As an important component of global sagittal alignment, the loss of lumbar lordosis after lumbar spine fusion surgery is strongly correlated with chronic low back pain (CLBP), degenerated adjacent segments, and poor health-related quality of life (HRQOL) [26,27,28]. In this study, RL of patients in both groups restored significantly after surgery and remained stable until the final follow-up (Table 2). Furthermore, the differences in RL between the Group A and Group B preoperatively and at the 3-month and final follow-up visits were not statistically significant.

The clinical outcomes of Group A and Group B were comparable before and after the surgery. In both groups, the JOA scores and VAS leg scores were seen rising up drastically after surgery, and such effect maintained at the final follow-up. In addition, the VAS back scores of both groups improved 3 months after surgery and increased to even greater ones at the final follow-up.

However, the results of our study need to be interpreted with consideration of its limitations. Since this study only examines statistics from a single center, its sample size was too small. Additionally, while its early data are encouraging, the follow-up duration, if possible, should have been much longer, so as to obtain more convincing statistics tested by time. In the meantime, we did not include the discussion of the clinical outcomes of patients with multilevel LDD. Thus, in the future research, it might be ideal that patients with multilevel LDD would also be enrolled and longer follow-up periods would be adopted.

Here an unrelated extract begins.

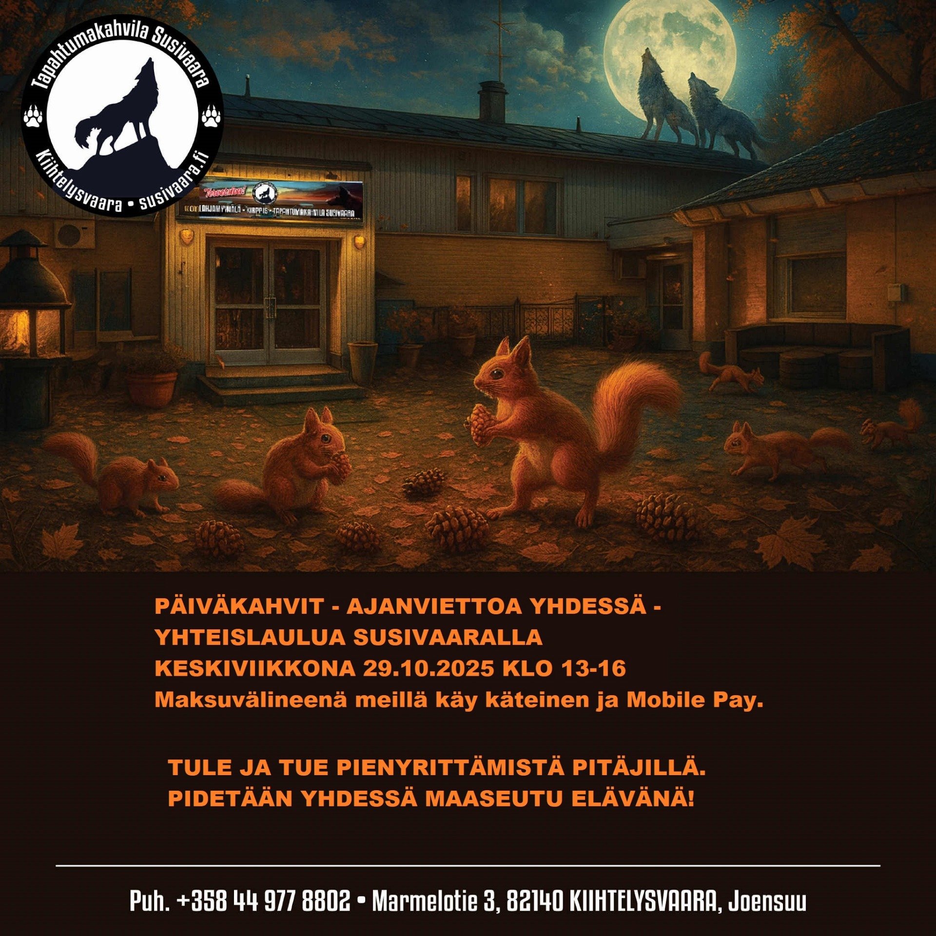 PÄIVÄKAHVIT - AJANVIETTOA YHDESSÄ - YHTEISLAULUA SUSIVAARALLA KESKIVIIKKONA 29.10.2025 KLO 13-16. TERVETULOA MUKAAN! KAHVILA, LAHJAMYYMÄLÄ JA KIRPPIS ON AVOINNA.

Furthermore, PEEK-Ti-HA cages’ cost-effectiveness and their application of PEEK-Ti-HA cages would also be explored in patients who are at a higher risk of pseudoarthrosis (senior patients with osteoporosis, for instance).

Conclusions

In contrast with those uncoated PEEK cages, PEEK-Ti-HA cages produced a markedly higher fusion rate at 3 months after single-level TLIF. The fusion rates of both groups were able to arrive at 100% at the final follow-up. PEEK-Ti-HA cages could also achieve RL, DH, JOA scores and VAS scores similar to that the uncoated PEEK cages yield post-surgery.